If by traditional they mean a place where talk is king and rumors are the thing, they have succeeded.
Everyone knows everyone, it seems, and if you don’t, be ready to say hello. And then tell your story, because Thompson and Staten are going to ask for it.
“A lady called me and said, ‘My husband passed away and he would want you to know how great an impact you had on his life,’” Thompson said. “We get that all the time. Those are the things that make this business great.”
At the same time, Thompson said, there are people who care less about the chatter and more about the cut.
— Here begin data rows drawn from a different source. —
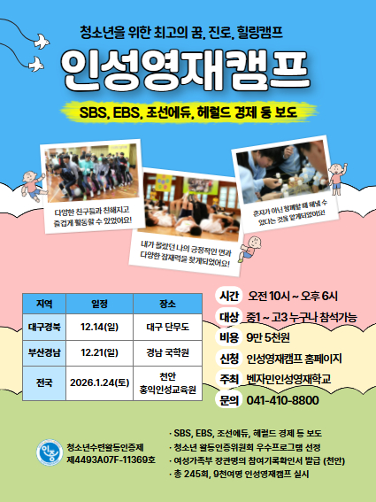 꿈을 찾는 1년, 벤자민인성영재학교2025년 4/4분기교육비 납부 안내 드립니다
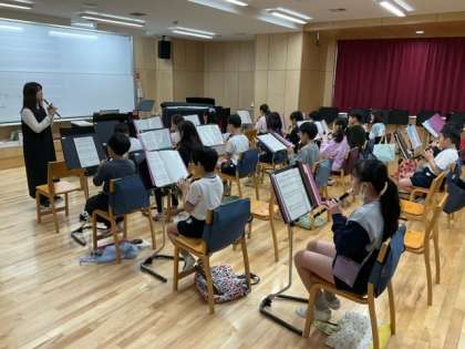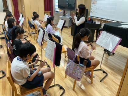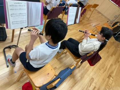 音楽の時間です。リコーダー演奏「もののけ姫」です。美しい旋律が響いています。
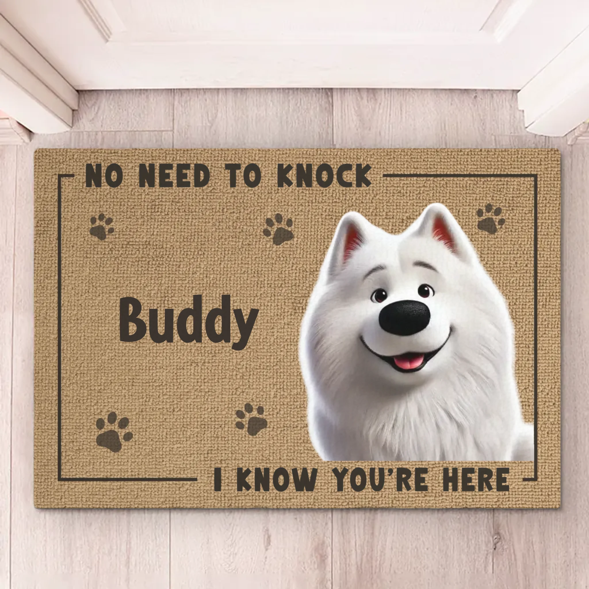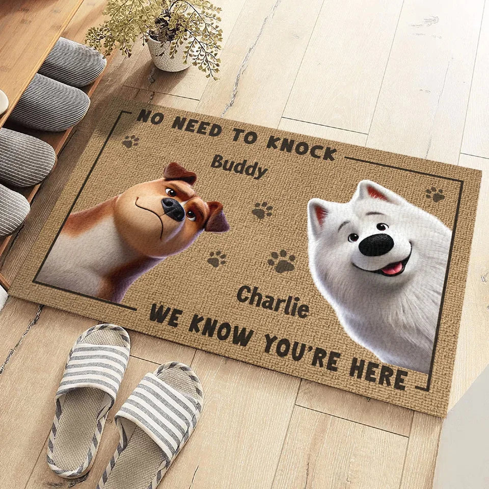 No Need To Knock, My Dog Already Told Me You're Here - Dog Personalized Custom Home Decor Decorative Mat - House Warming Gift For Pet Owners, Pet Lovers
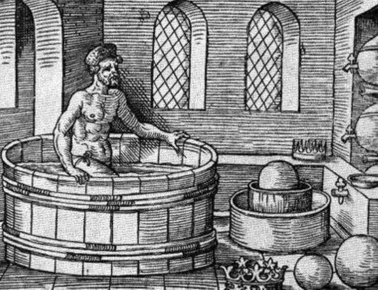 起初,阿基米德也想不出好办法。苦闷之际,他到公共浴室洗澡,当浸入放满水的木桶时,一部分水溢出桶外,他的身体顿觉轻飘,于是豁然开朗。阿基米德领悟到,不同质料的物体,虽然重量相同,但因为体积不同,排出的水量也必不相同。根据这一道理,不仅可以判断王冠是否掺假,还可以知道少去的黄金份量。
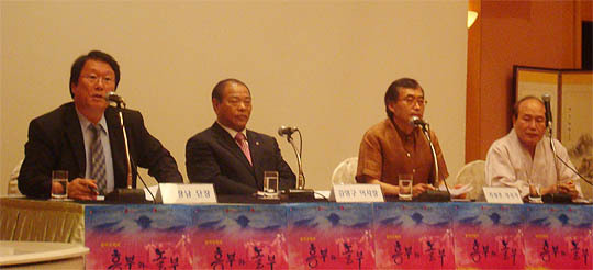 2일 전주코아리베라호텔에서 열린 소리축제 공식초청작 창작오페라 '흥부와 놀부' 제작발표회에서 조장남 단장이 작품에 대해 설명하고 있다. (desk@jjan.kr)
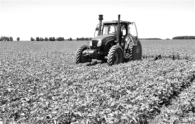7月10日,黑龙江垦区五大连池农场第十管理区工人驾驶农机对大垄密植大豆进行中耕作业。黑龙江垦区近期大规模开展大豆机械中耕深松土壤及喷施叶面肥作业,改善土壤物理性质,促进大豆营养物质的吸收,为大豆丰产增收打好基础。 陆文祥摄(新华社发)

They’re typically younger, and they have a specific look in mind – a modern look.
That’s fine, too.
“We want to be more on the cutting edge and kind of keep up with the relevant styles, haircuts, be urban and appeal to all cultures,” Staten said.
For all their efforts to straddle the fine line between the traditional and the trendy, Thompson and Staten say they know that at the end of the day, the customer is not coming back unless he feels welcomed.
And that, the business partners say, is where Chris Tyson Grooming separates itself from the rest of the pack.
“I think it’s the greatest cut place people have never heard of,” Thompson said. “It is an environment by which you will be accepted for who you are. You will never be judged, you will feel comfortable.
“It’s an oasis away from the hustle and bustle of life.”